July corn closed up 2 1/2 cents at $3.90, trying to hold firm on Tuesday with bullish influence from wheat after roughly two weeks of falling prices. Late Monday, USDA said corn was 5% planted, down from the five-year average of 14%. While the slow start is a concern, the current forecast for warmer temperatures ahead looks much better for corn's planting prospects the next few weeks. In Brazil, the second corn crop was doing well until recently, but now has hit a patch of dry weather with no relief expected in the seven-day forecast. On the demand side of the market, U.S. corn shipments have picked up recently, but are down 20% from a year ago. Ethanol production has held roughly steady above a million barrels a day. Fundamentally, the outlook for corn prices remains neutral with the uncertainty of a new growing season ahead. Technically, the trend remains sideways in May corn and up in new-crop corn although prices have fallen back from their April high. DTN's National Corn Index closed at $3.47 Monday, down from its highest prices since June 2016 and priced 31 cents below the May contract. In outside markets, most commodities are mixed while the Dow is down 525 points, reflecting concerns about the trend of rising interest rates.
July soybeans closed up 1 3/4 cents at $10.34, helped by modest commercial buying after a week and a half of lower prices. Late Monday, USDA said 2% of soybeans were planted, mostly in southern states and on pace with the five-year average. Now that temperatures are warming, corn planting will soon pick up across the Midwest and that should ease concerns about a possible late-season push for more soybean acres. Otherwise, the main concern for soybean prices continues to be the lack of demand from China. According to Dow Jones, China's soybean imports from the U.S. were down 21% in the first quarter of 2018 from a year ago soybean while imports from Brazil were up 129% -- two numbers that say much about the predicament of this year's split market for soybeans. Outside the U.S., the fundamental outlook for soybean prices is much more bullish with Argentina's drought forcing China to bid up Brazil's soybean prices. Here in the U.S., the fundamental outlook is neutral to bearish for old-crop soybean prices while China keeps its purchases minimal. USDA did mention early Tuesday that 4.8 million bushels (mb) (130,000 metric tons) of U.S. soybeans were sold to Argentina, 2.2 mb (60,000 mt) of which were for the current season. Technically, the trend is sideways in old-crop soybeans with concerns of failing momentum. In new-crop soybeans, the trend is up, but currently stalled. DTN's National Soybean Index closed at $9.52 Monday, up from its March low and priced 69 cents below the May contract.
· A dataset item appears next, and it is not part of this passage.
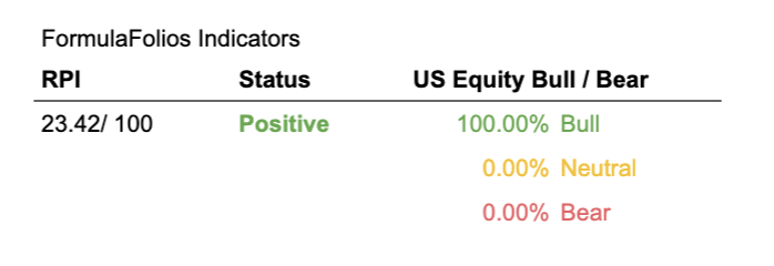 The Recession Probability Index (RPI) has a current reading of 23.42, forecasting a lower potential for an economic contraction (warning of recession risk). The Bull/Bear indicator is currently 100% bullish, meaning the indicator shows there is a slightly higher than average likelihood of stock market increases in the near term (within the next 18 months).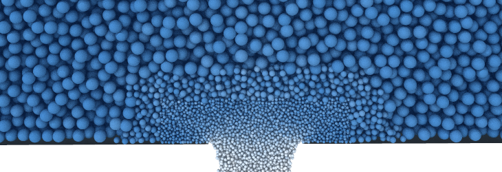 In PreonLab 5.0, the splitting and the subsequent sampling correction is fast enough that it can run in every simulation step (see the article Adaptive Particle-based Aimulation in PreonLab for some details). This eliminates the need to split outside the regions of interest and reduces the overall number of particles. Merging still happens at discrete steps, but in our experience this is acceptable for most applications. We also added the option to use three instead of two particle sizes in a simulation, so that the coarsest particles have four times the diameter of the finest particles. Going from two to three particle levels does not seem like much, but it makes a big difference. If the coarsest particle has two times the diameter of the finest particle, we can reduce the number of particles by up to 8 times (in three dimensions). By adding a third particle size with four times the diameter of the finest particle, this factor increases by almost an order of magnitude to 64.

July Chicago wheat closed up 9 3/4 cents and July Kansas City wheat was up 9 1/4 cents at $5.12, helped by light commercial buying, which happened in spite of light showers in western Kansas and southern Nebraska. Light to moderate rain amounts are still possible in the southwestern Plains on Wednesday, but drought remains the predominant concern of the region. Late Monday, USDA said 13% of winter wheat was headed and 31% was rated good to excellent, the same as last week. DTN's Winter Wheat Condition Index inched up to 48, suggesting the worst winter wheat conditions for this time of year since 2011. In Kansas, 49% of the winter wheat crop was rated either poor or very poor. USDA also said 3% of spring wheat was planted, down from the five-year average of 25% and still mostly confined to the Pacific Northwest. Sep Minneapolis wheat closed up 4 1/4 cents with commercial buyers offering support after three consecutive days of falling prices, linked to hope for better planting conditions ahead. Fundamentally, the outlook for wheat prices remains bearish while most other wheat regions are doing well, dry conditions in Australia being the lone exception. Technically, the trends remain sideways for all three wheats with prices near the lower end of their ranges. DTN's National SRW index closed at $4.32 Monday, near the middle of its range in April and 29 cents below the May contract. DTN's HRW index closed at $4.44, also in the middle of its April range.